EXERCISE INSTRUCTIONS
Please return each of the entries exactly, minus their pictures.

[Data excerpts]
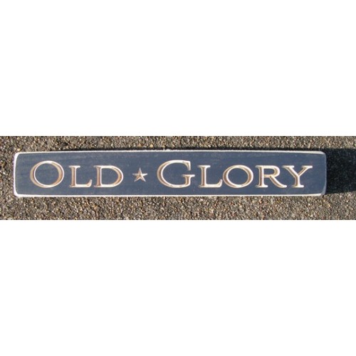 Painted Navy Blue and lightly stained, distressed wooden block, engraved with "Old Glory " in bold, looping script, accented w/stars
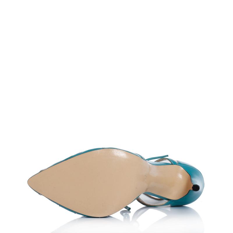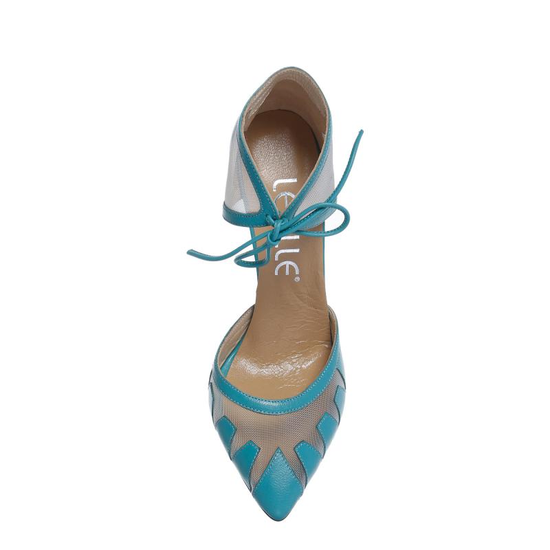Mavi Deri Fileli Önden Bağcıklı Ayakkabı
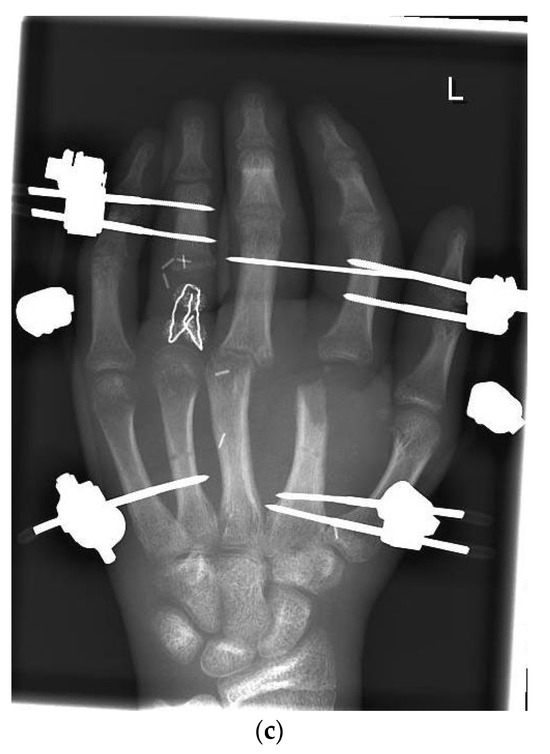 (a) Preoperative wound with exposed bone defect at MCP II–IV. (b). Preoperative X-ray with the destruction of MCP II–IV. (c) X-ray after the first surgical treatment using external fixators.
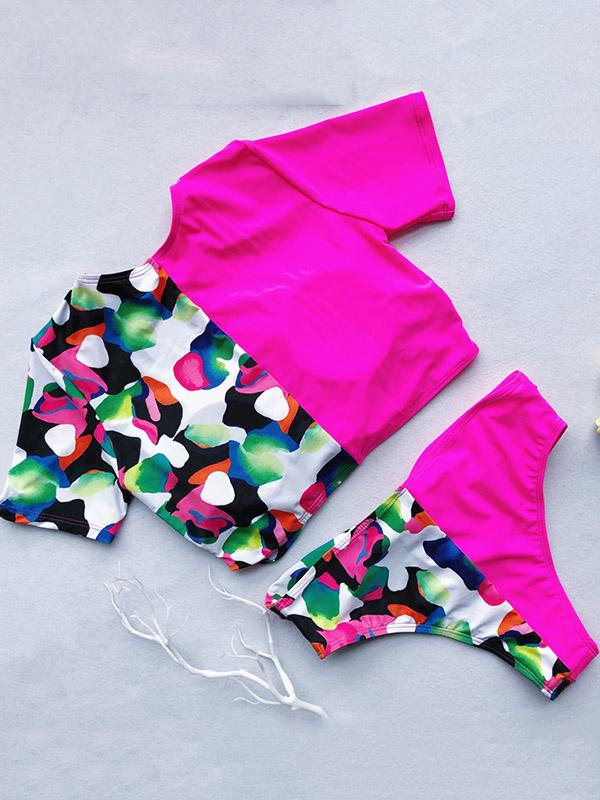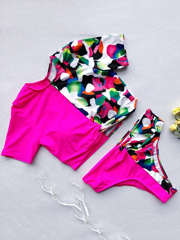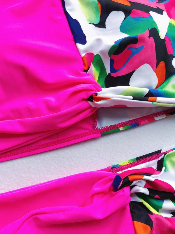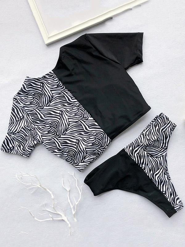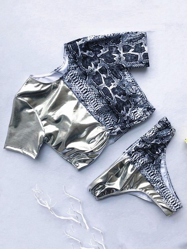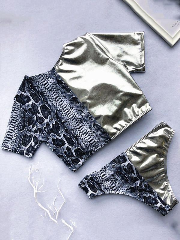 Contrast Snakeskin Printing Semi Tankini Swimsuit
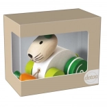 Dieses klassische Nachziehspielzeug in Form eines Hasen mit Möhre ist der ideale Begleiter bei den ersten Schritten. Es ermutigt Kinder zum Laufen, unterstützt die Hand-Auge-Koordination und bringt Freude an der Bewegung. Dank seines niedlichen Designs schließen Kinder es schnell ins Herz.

SOLUTION TO THIS PROBLEM
 Painted Navy Blue and lightly stained, distressed wooden block, engraved with "Old Glory " in bold, looping script, accented w/stars
Mavi Deri Fileli Önden Bağcıklı Ayakkabı
 (a) Preoperative wound with exposed bone defect at MCP II–IV. (b). Preoperative X-ray with the destruction of MCP II–IV. (c) X-ray after the first surgical treatment using external fixators.
 Contrast Snakeskin Printing Semi Tankini Swimsuit
 Dieses klassische Nachziehspielzeug in Form eines Hasen mit Möhre ist der ideale Begleiter bei den ersten Schritten. Es ermutigt Kinder zum Laufen, unterstützt die Hand-Auge-Koordination und bringt Freude an der Bewegung. Dank seines niedlichen Designs schließen Kinder es schnell ins Herz.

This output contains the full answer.